Rock art, An Chathair Bhearnach, Co. Kerry
Co. Kerry |
Settlement Sites
Mortared into the boundary wall of a private house at An Chathair Bhearnach in County Kerry, a small sandstone slab carries some of the oldest marks human hands made in this landscape.
The stone measures roughly 33 by 19 centimetres, smooth and unfractured, and its entire face is covered in prehistoric rock art: cup-and-ring motifs, which are shallow circular depressions carved into the stone surrounded by one or more concentric rings, along with radial grooves extending outward from the central cups. Around these more elaborate carvings, approximately nineteen simple cupmarks, plain hemispherical hollows with no surrounding rings, are densely distributed across the surface.
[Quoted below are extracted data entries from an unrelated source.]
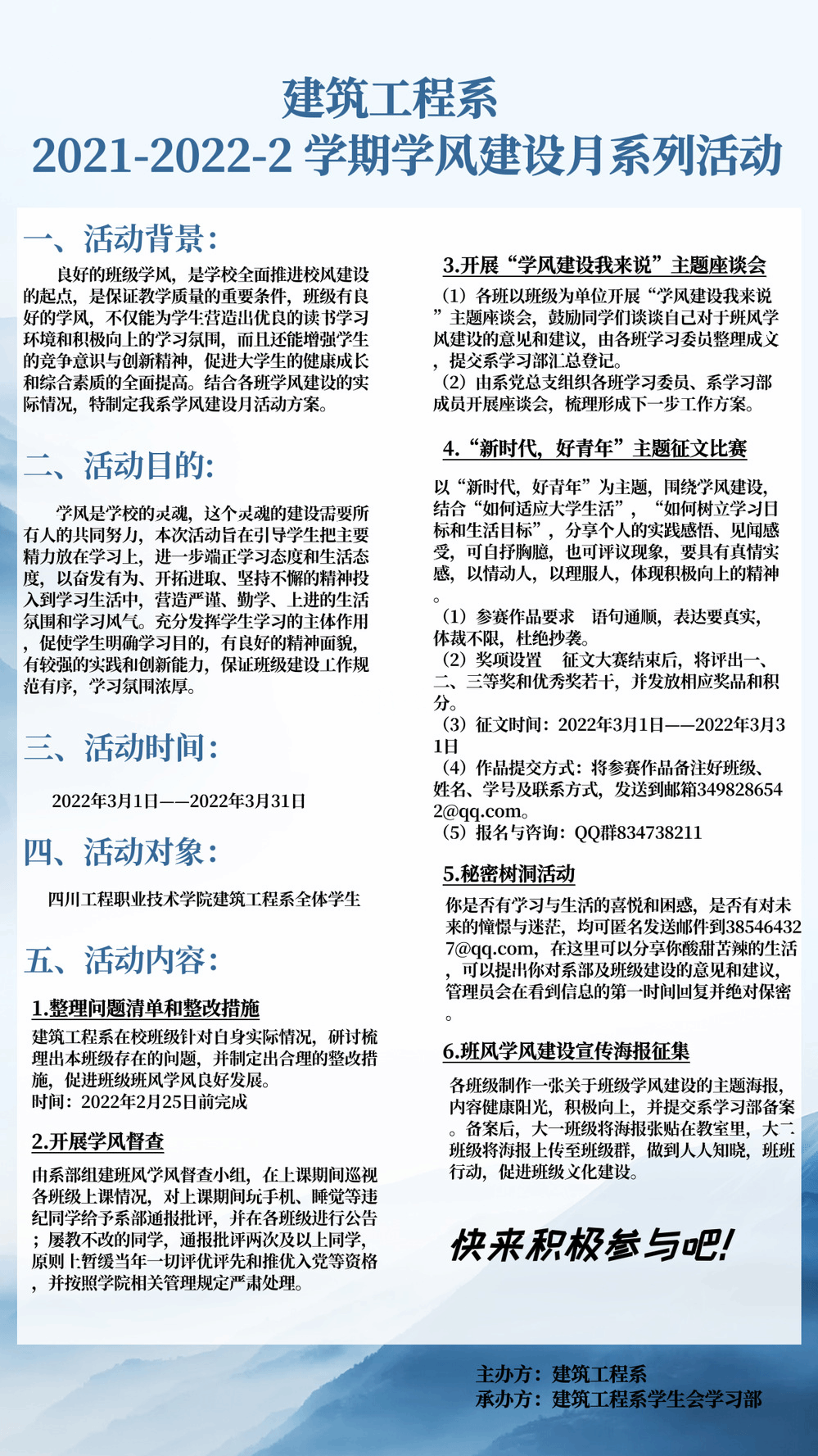 为提高学生的自律意识,营造优良的学习氛围,进一步加强班级建设,建筑工程系2021-2022-2学期学风建设月活动正式启动。本次活动旨在引导学生端正学习态度、规范学习习惯、明确学习目的,树立学生热爱学习、学会学习、善于学习的观念,学会如何更有效率的学习。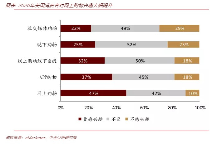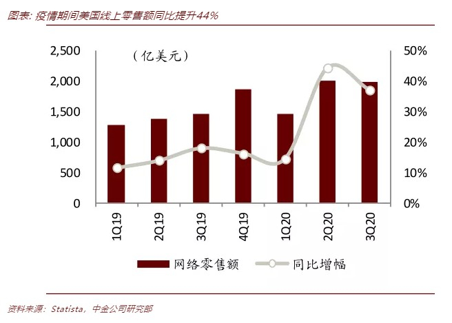 海外线上消费粘性形成,消费习惯培育期缩短。根据Statista和eMarketer的数据,2020年,美国消费者对网上购物兴趣大幅提升。47%的消费者表示对网络购物更感兴趣。从线上零售额来看,美国线上零售额2Q、3Q分别同比提升44%、37%,消费者线上消费意愿和消费金额同步增长,线上消费粘性逐步形成。
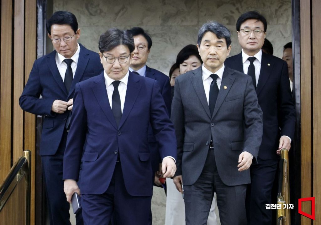 권성동 국민의힘 원내대표와 이주호 사회부총리 겸 교육부 장관이 17일 국회에서 열린 학교 안전 강화를 위한 당정협의회에 참석하고 있다.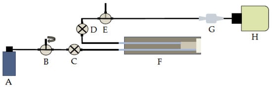 Diagram of experimental apparatus for material irradiation and isotope collection, illustrating a (A) target gas tank and regulator, (B) flow control valve, (C) target load valve, (D) target unload valve, (E) delivery/waste valve, (F) target body and target material, (G) soda lime carbon dioxide trap, and (H) radioisotope gas collection bag.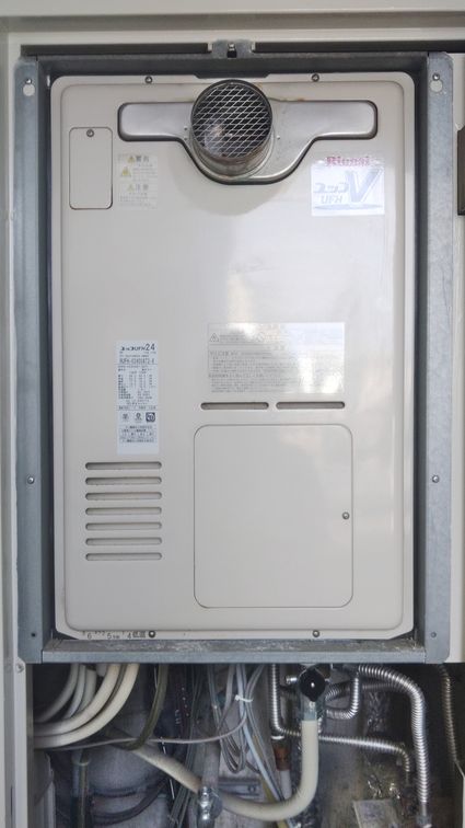 既設のノーリツ製のエコジョーズ給湯器 GT-C2452ARX-2 から、パロマ製のエコジョーズ給湯器 FH-E2422FARL への取替でした。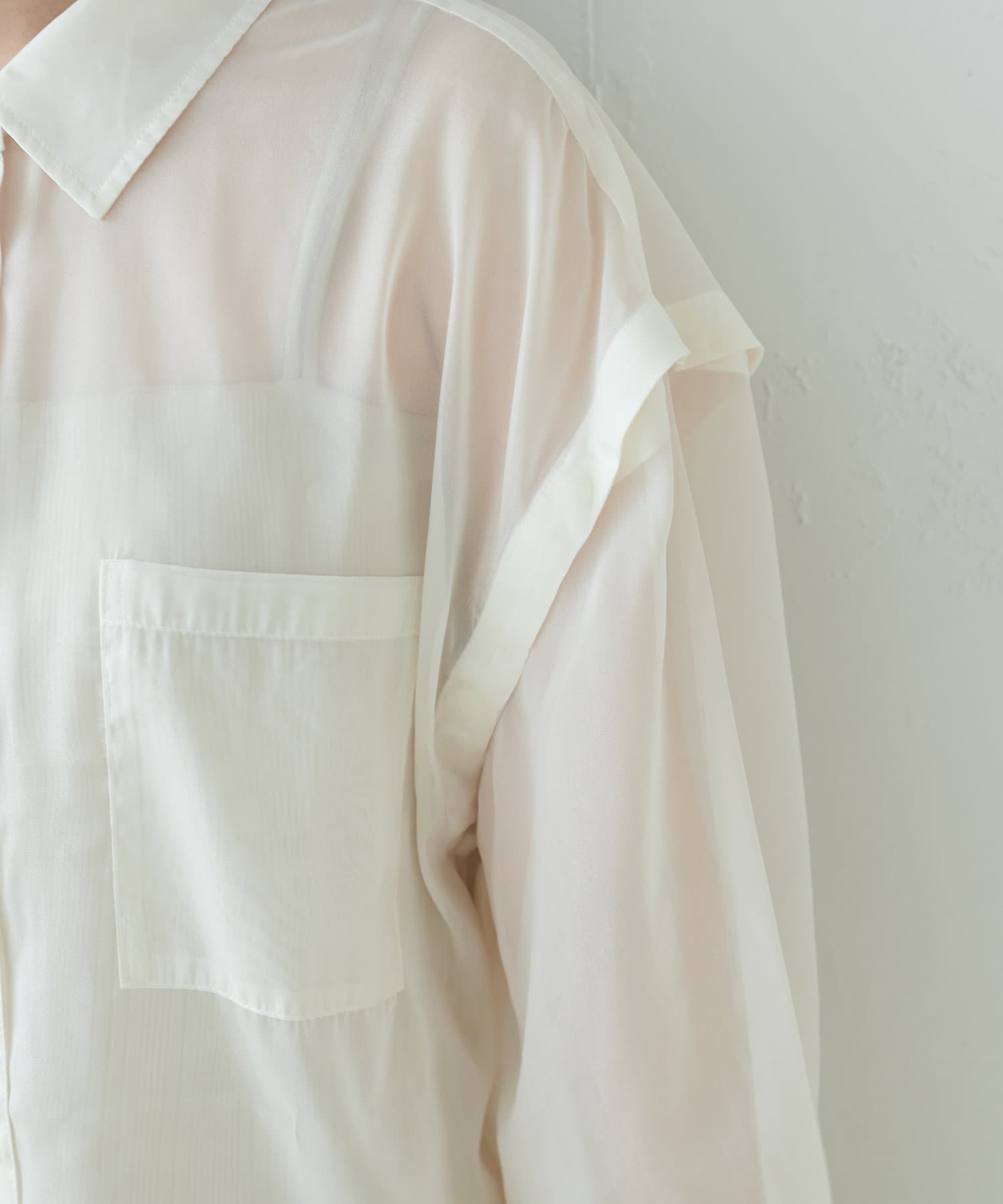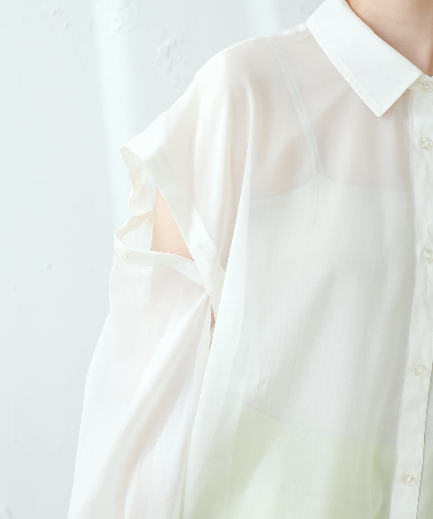 袖はボタンで取り外しが可能なので、ベストのような感覚でシャツスタイルとはまた違ったシルエットでお楽しみ頂けます。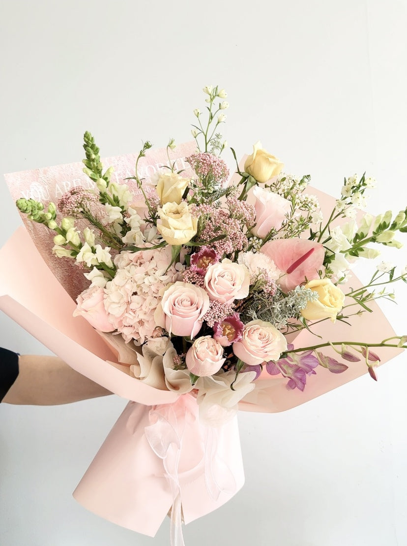 - Blushing Harmony is a soft and elegant bouquet designed by Fish Flower Vancouver. Featuring pastel roses and delicate lilac accents, it’s perfect for birthdays, thank-yous, or romantic gestures. Available for flower delivery in Vancouver.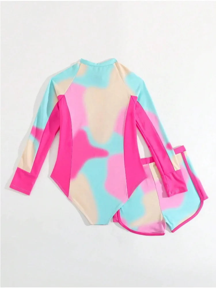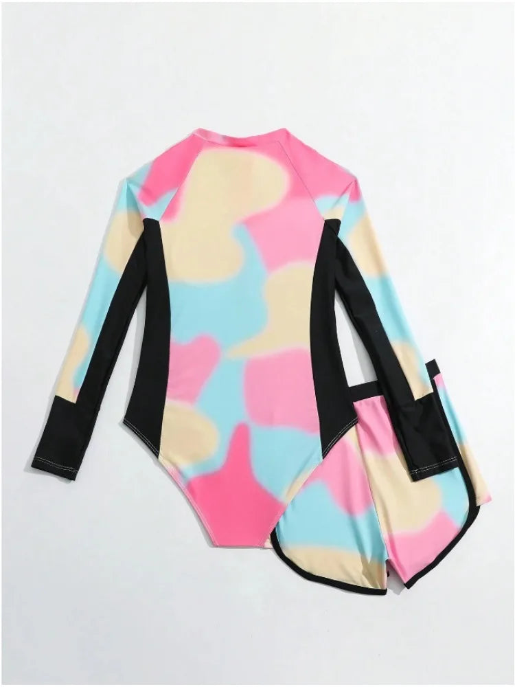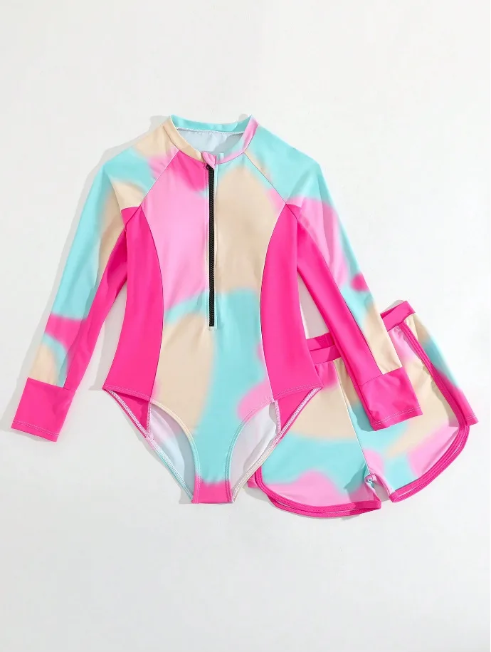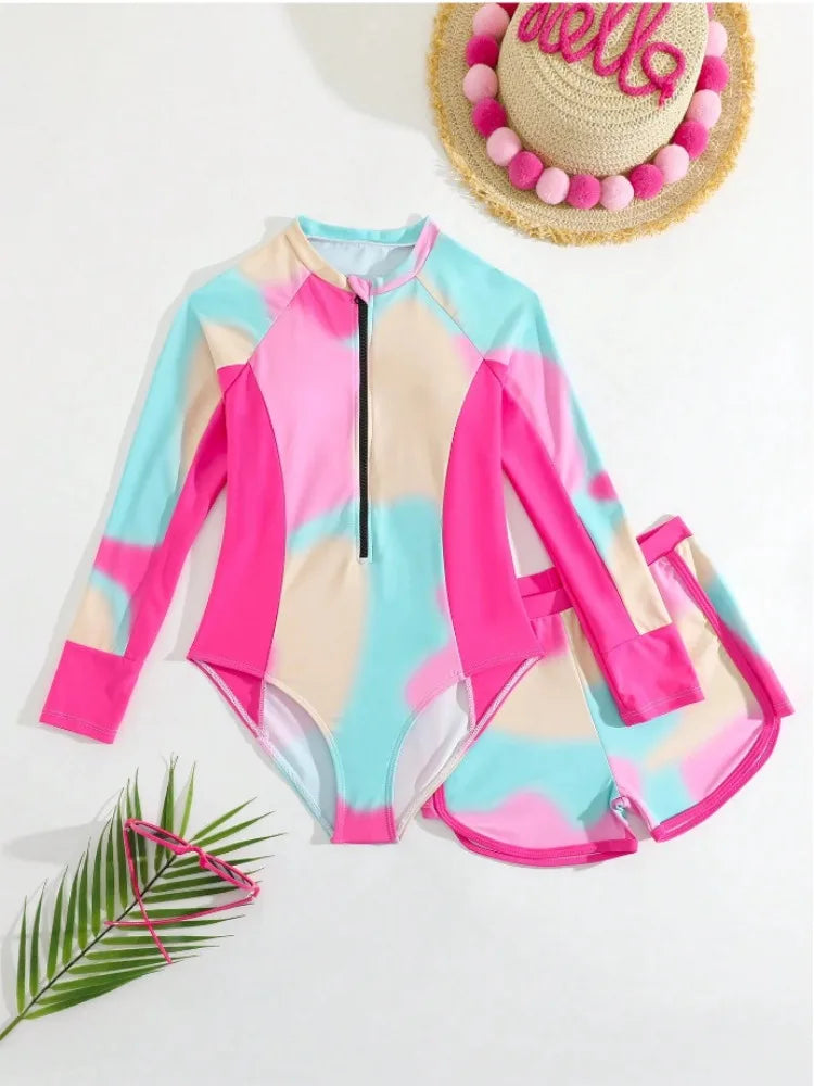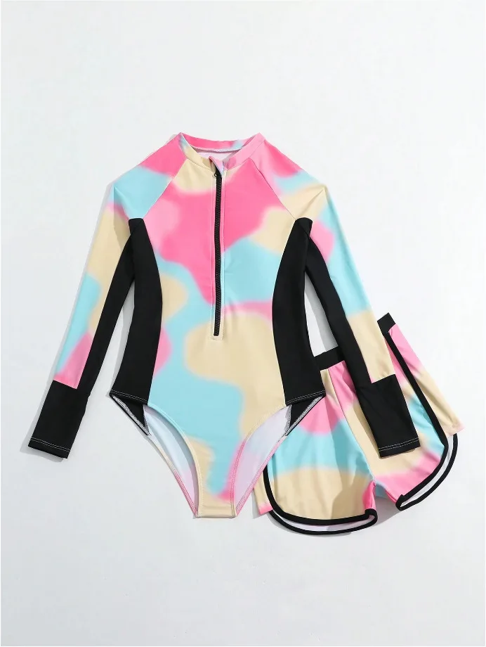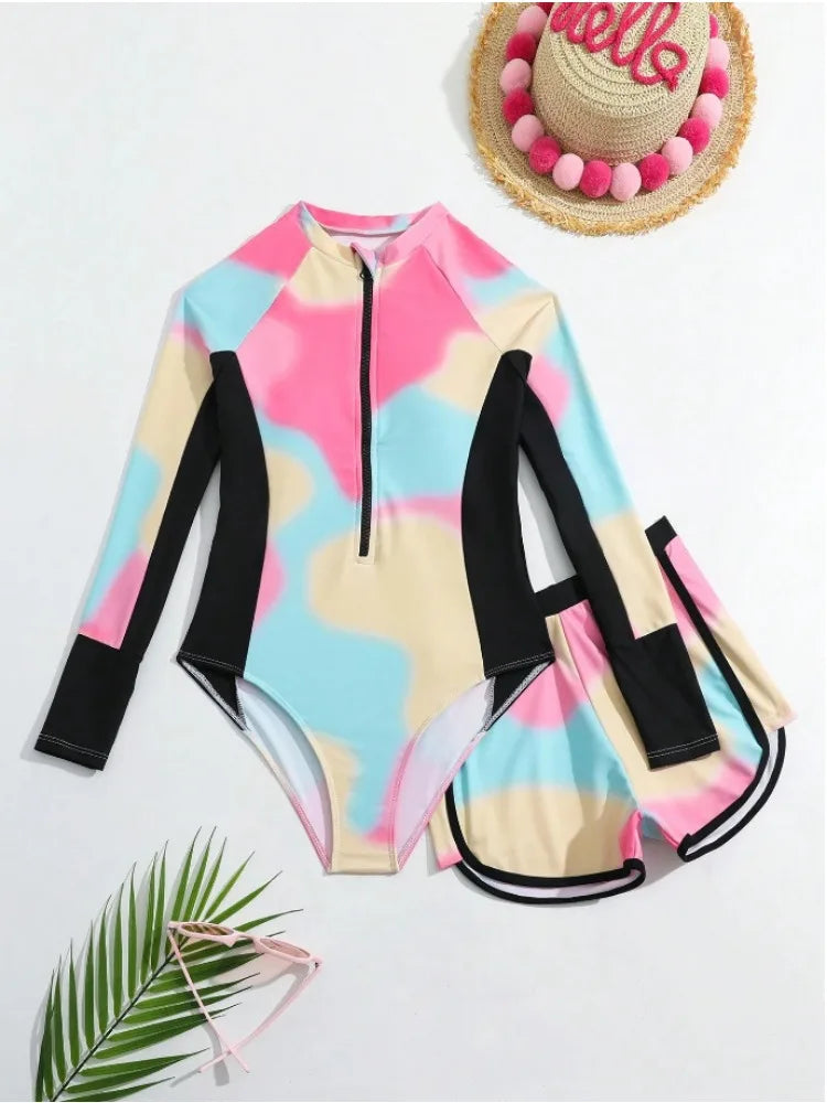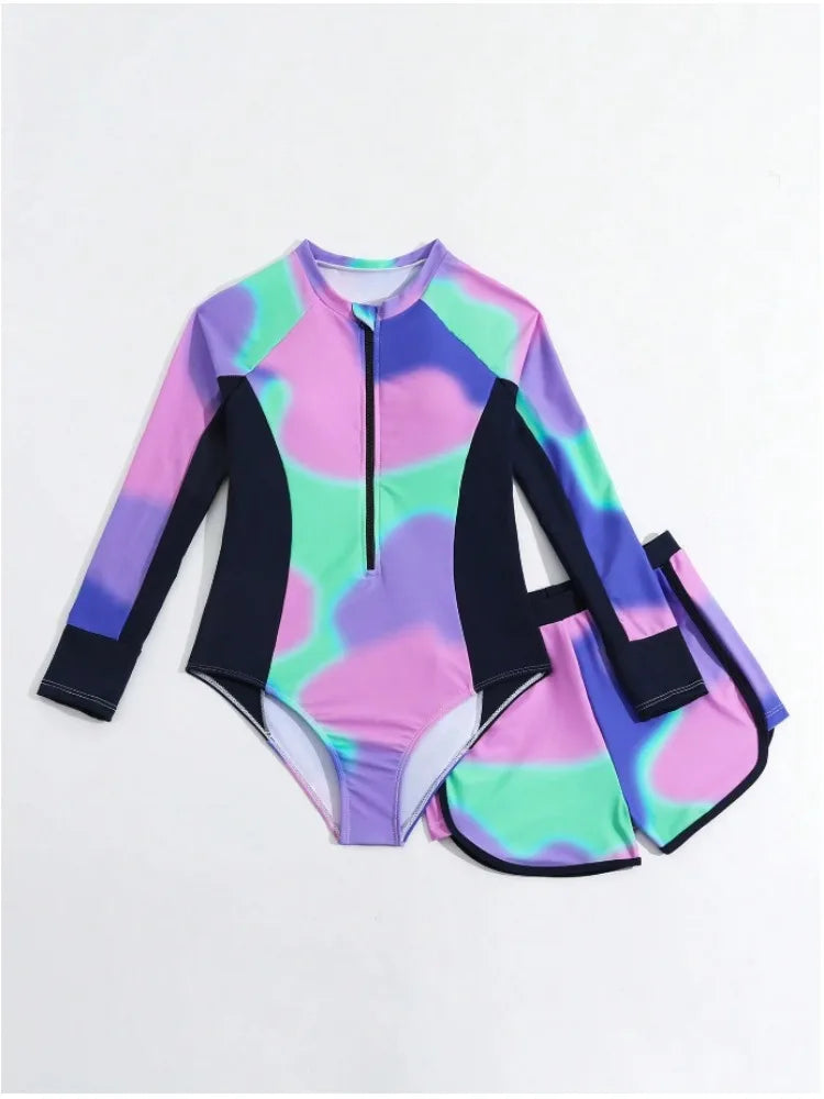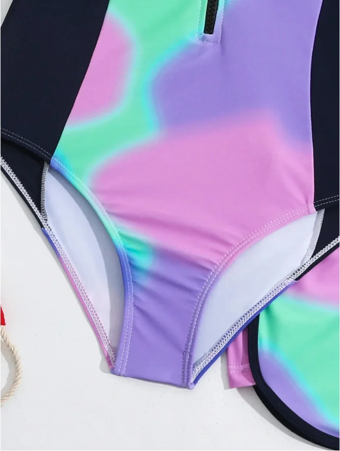 Purple Girls One Piece Swimsuit 8-12 Year Kids Swim Suit Teenage Children's Swimwear 2025 Sunscreen Beach Bathing Suits Shorts

The lower portion of the stone disappears below a concrete footpath, so part of what was originally carved there remains hidden from view.
The stone's prehistory, in both senses, is uncertain. It was already displaced from its original context by the time anyone began paying close attention to it. An observer named O'Malley, working for the Office of Public Works in 1937, noted a 'marked stone' in the vicinity, and this is very likely the same piece, though no record survives of where it stood before it was incorporated into the wall. The principal motifs, a cup enclosed by two penannular rings with a long radial groove, and further cup-and-ring combinations with curved radial grooves, are characteristic of prehistoric rock art found across Atlantic Europe, typically associated with the Neolithic or Early Bronze Age, though the meaning and function of such carvings remain genuinely unresolved. The stone sits on a north-west-facing wall at roughly 38 metres above sea level, well maintained despite its modest and decidedly domestic setting on the Iveragh Peninsula.